Exercise directions ->
Please set down the data again exactly, minus the pictures.

+++ Data

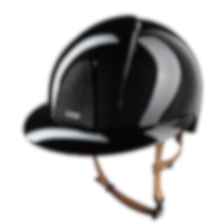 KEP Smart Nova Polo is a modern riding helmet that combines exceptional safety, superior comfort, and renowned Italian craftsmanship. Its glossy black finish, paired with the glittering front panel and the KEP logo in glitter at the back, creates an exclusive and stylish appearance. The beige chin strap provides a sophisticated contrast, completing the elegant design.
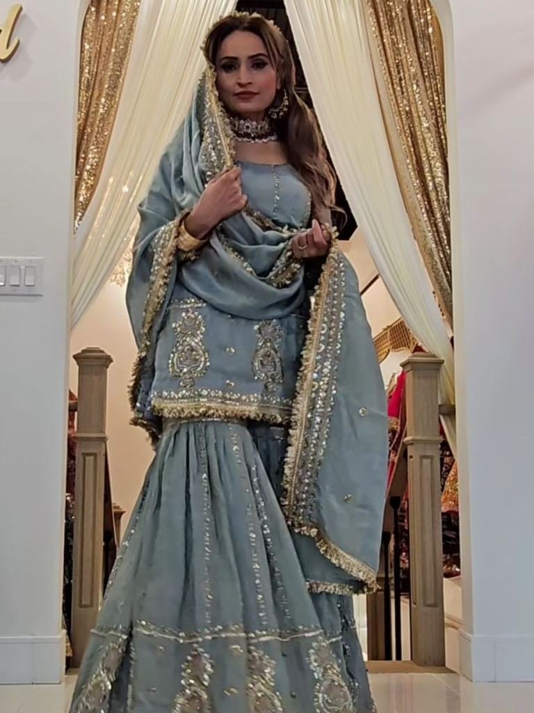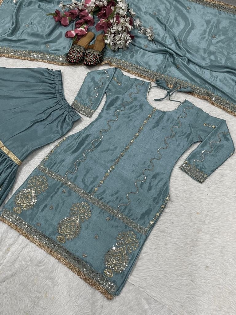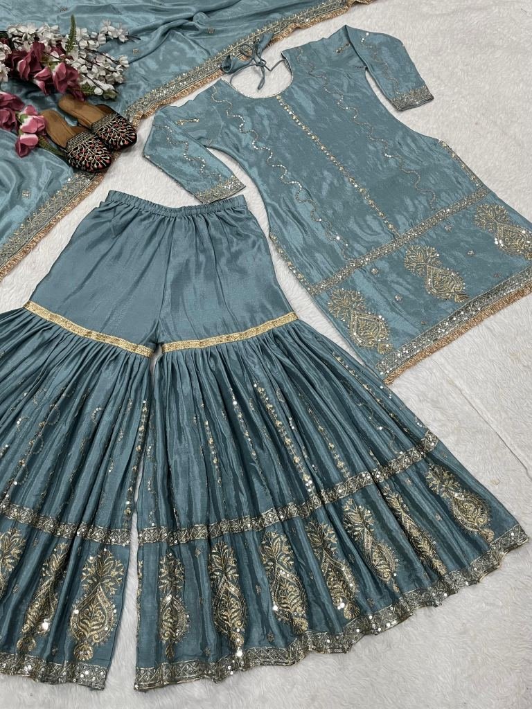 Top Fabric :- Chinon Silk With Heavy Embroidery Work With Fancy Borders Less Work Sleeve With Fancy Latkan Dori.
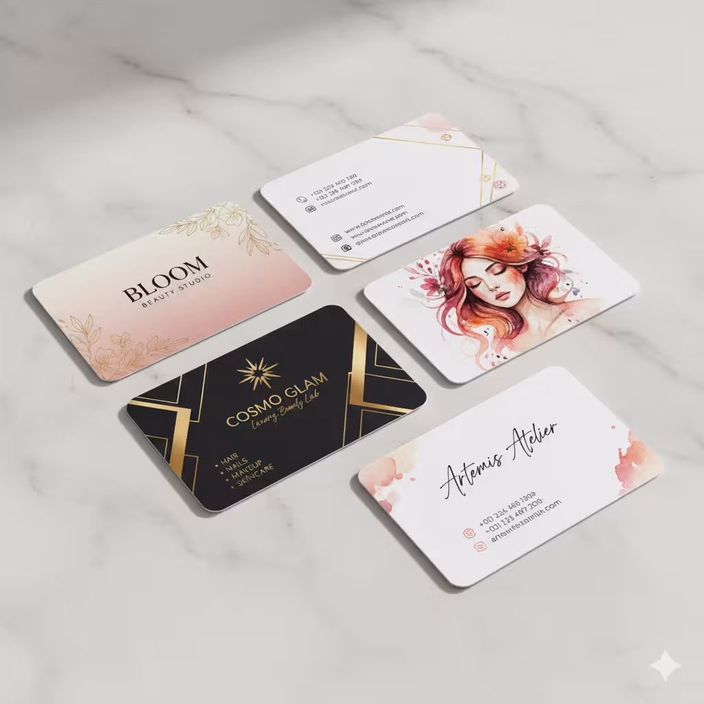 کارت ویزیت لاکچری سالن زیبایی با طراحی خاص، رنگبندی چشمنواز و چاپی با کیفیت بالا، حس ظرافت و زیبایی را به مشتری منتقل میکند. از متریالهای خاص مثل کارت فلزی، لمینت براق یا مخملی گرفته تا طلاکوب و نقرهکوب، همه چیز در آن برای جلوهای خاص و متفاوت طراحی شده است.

++++++

Exercise solution ->
 KEP Smart Nova Polo is a modern riding helmet that combines exceptional safety, superior comfort, and renowned Italian craftsmanship. Its glossy black finish, paired with the glittering front panel and the KEP logo in glitter at the back, creates an exclusive and stylish appearance. The beige chin strap provides a sophisticated contrast, completing the elegant design.
 Top Fabric :- Chinon Silk With Heavy Embroidery Work With Fancy Borders Less Work Sleeve With Fancy Latkan Dori.
 کارت ویزیت لاکچری سالن زیبایی با طراحی خاص، رنگبندی چشمنواز و چاپی با کیفیت بالا، حس ظرافت و زیبایی را به مشتری منتقل میکند. از متریالهای خاص مثل کارت فلزی، لمینت براق یا مخملی گرفته تا طلاکوب و نقرهکوب، همه چیز در آن برای جلوهای خاص و متفاوت طراحی شده است.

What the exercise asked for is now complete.